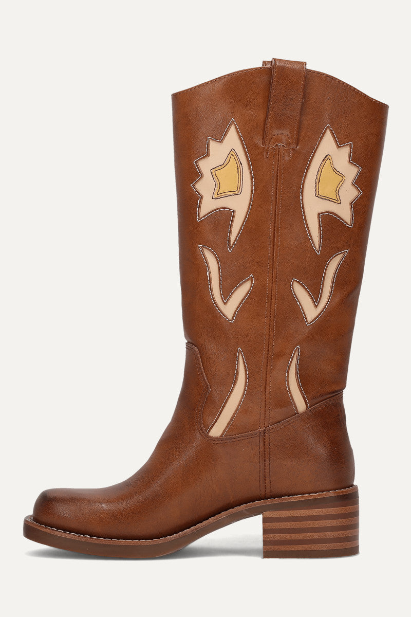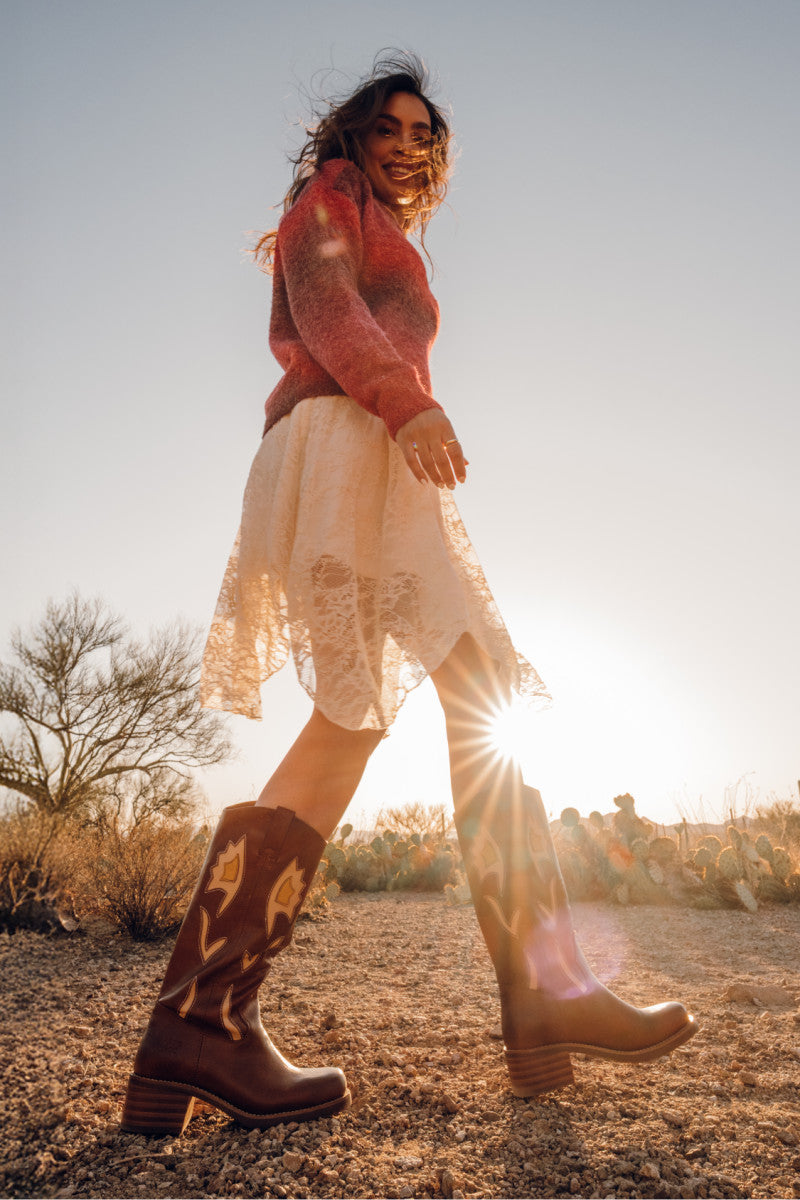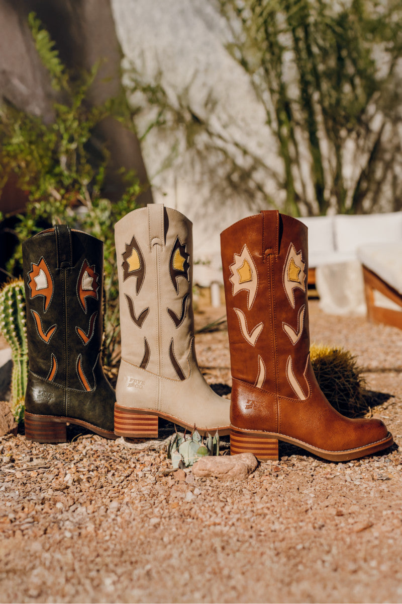 The Miranda 10 Flower boot gives off vintage vibes, featuring floral cutout details accented by colorful underlays for added depth. Made from tumbled vegan leather, these Western boots offer a cushioned flexible sole for out of the box comfort, pairing effortlessly with denim or dresses.
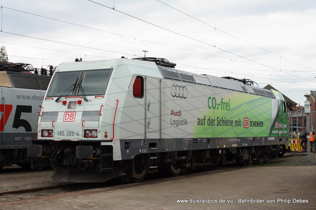 185 389-4 (CO2-frei auf der Schiene mit DB Schenker) steht am 19. September 2010 im Betriebswerk Osnabrück (Doppeljubiläum: 125 Jahre Betriebswerk Osnabrück und 175 Jahre Eisenbahn in Deutschland)
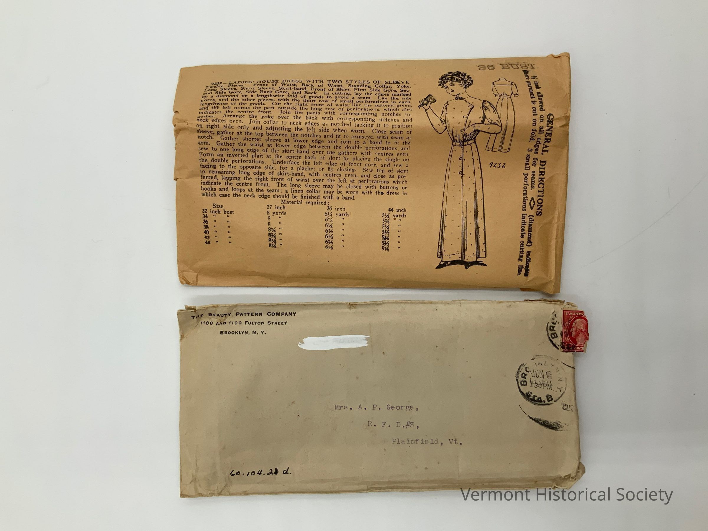 Cut tissue paper sewing pattern in a commercial envelope. The front of the envelope is printed with sewing instructions and an illustration of the finished garment. The garment is a dress with an long sleeves and an off-center front opening ("Ladies' House Dress with Two Styles of Sleeve"). The pattern and commercial envelope were inserted into a mailing envelope addressed to "Mrs. A. P. George, R. F. D. #3, Plainfield, Vt." and returned addressed from "The Beauty Pattern Company 1186 and 1190 Fulton Street, Brooklyn, N. Y."Context
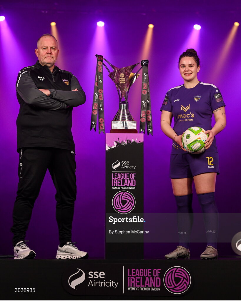5 February 2025; Wexford goalkeeping coach Pat Trehy and Ciara Rossiter of Wexford during the SSE Airtricity Men’s Premier Division, SSE Airtricity Men’s First Division and SSE Airtricity Women’s Premier Division Launch 2025 at Mansion House in Dublin. Photo by Stephen McCarthy/Sportsfile
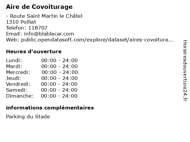 1 Aire de Covoiturage (Distance: 0,45 km) - Route de chamonin, 01310 Polliat aire, covoiturage, de, partager, trajets 2 Aire de Covoiturage (Distance: 5,09 km) - Mairie, 01340 Attignat aire, covoiturage, de, partager, trajets 3 Aire de Covoiturage (Distance: 9,61 km) - Place General de gaulle, 01340 Montrevel aire, covoiturage, de, partager, trajets 4 Aire de Covoiturage (Distance: 11,03 km) - Place de L'Eglise, 01340 Marsonnas aire, covoiturage, de, partager, trajets 5 Aire de Covoiturage (Distance: 11,76 km) - D1083 - Parking des Sports, 01960 Servas aire, aires, covoiturage, de, partager, trajets 6 Aire de Covoiturage (Distance: 13,10 km) - Chemin des Lyonnières, 01370 Saint Etienne-Du-Bois aire, covoiturage, de, partager, trajets |
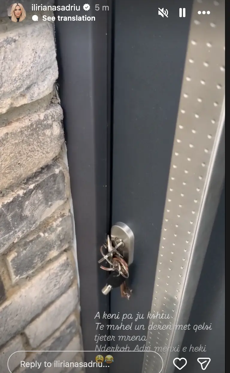 “A keni pa ju kështu. Te mshel unë derën met qelsi tjeter mrena. Ndërkohë Adri menxi e heki,” shkruan Iliriana në përshkrimin e videos, duke e bërë situatën edhe më qesharake.
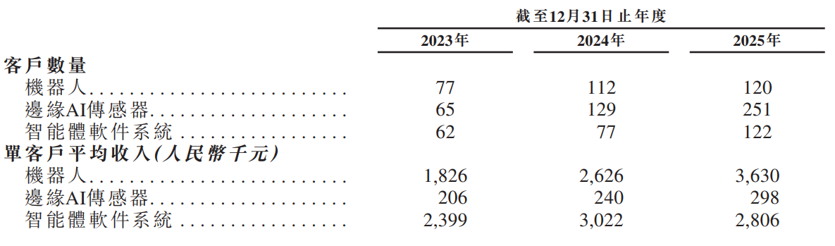 - 2023年到2025年,思谋科技用于智能检测和操作任务的机器人产品单价分别是182.6万元、262.6万元、363万元,客户量从77家增至120家,相关收入从1.41亿元增至2.94亿元、4.36亿元;

Task instructions: Without including any picture, restate every entry above exactly.

Response to the exercise:
 The Miranda 10 Flower boot gives off vintage vibes, featuring floral cutout details accented by colorful underlays for added depth. Made from tumbled vegan leather, these Western boots offer a cushioned flexible sole for out of the box comfort, pairing effortlessly with denim or dresses.
 185 389-4 (CO2-frei auf der Schiene mit DB Schenker) steht am 19. September 2010 im Betriebswerk Osnabrück (Doppeljubiläum: 125 Jahre Betriebswerk Osnabrück und 175 Jahre Eisenbahn in Deutschland)
 Cut tissue paper sewing pattern in a commercial envelope. The front of the envelope is printed with sewing instructions and an illustration of the finished garment. The garment is a dress with an long sleeves and an off-center front opening ("Ladies' House Dress with Two Styles of Sleeve"). The pattern and commercial envelope were inserted into a mailing envelope addressed to "Mrs. A. P. George, R. F. D. #3, Plainfield, Vt." and returned addressed from "The Beauty Pattern Company 1186 and 1190 Fulton Street, Brooklyn, N. Y."Context
5 February 2025; Wexford goalkeeping coach Pat Trehy and Ciara Rossiter of Wexford during the SSE Airtricity Men’s Premier Division, SSE Airtricity Men’s First Division and SSE Airtricity Women’s Premier Division Launch 2025 at Mansion House in Dublin. Photo by Stephen McCarthy/Sportsfile
 1 Aire de Covoiturage (Distance: 0,45 km) - Route de chamonin, 01310 Polliat aire, covoiturage, de, partager, trajets 2 Aire de Covoiturage (Distance: 5,09 km) - Mairie, 01340 Attignat aire, covoiturage, de, partager, trajets 3 Aire de Covoiturage (Distance: 9,61 km) - Place General de gaulle, 01340 Montrevel aire, covoiturage, de, partager, trajets 4 Aire de Covoiturage (Distance: 11,03 km) - Place de L'Eglise, 01340 Marsonnas aire, covoiturage, de, partager, trajets 5 Aire de Covoiturage (Distance: 11,76 km) - D1083 - Parking des Sports, 01960 Servas aire, aires, covoiturage, de, partager, trajets 6 Aire de Covoiturage (Distance: 13,10 km) - Chemin des Lyonnières, 01370 Saint Etienne-Du-Bois aire, covoiturage, de, partager, trajets |
 “A keni pa ju kështu. Te mshel unë derën met qelsi tjeter mrena. Ndërkohë Adri menxi e heki,” shkruan Iliriana në përshkrimin e videos, duke e bërë situatën edhe më qesharake.
 - 2023年到2025年,思谋科技用于智能检测和操作任务的机器人产品单价分别是182.6万元、262.6万元、363万元,客户量从77家增至120家,相关收入从1.41亿元增至2.94亿元、4.36亿元;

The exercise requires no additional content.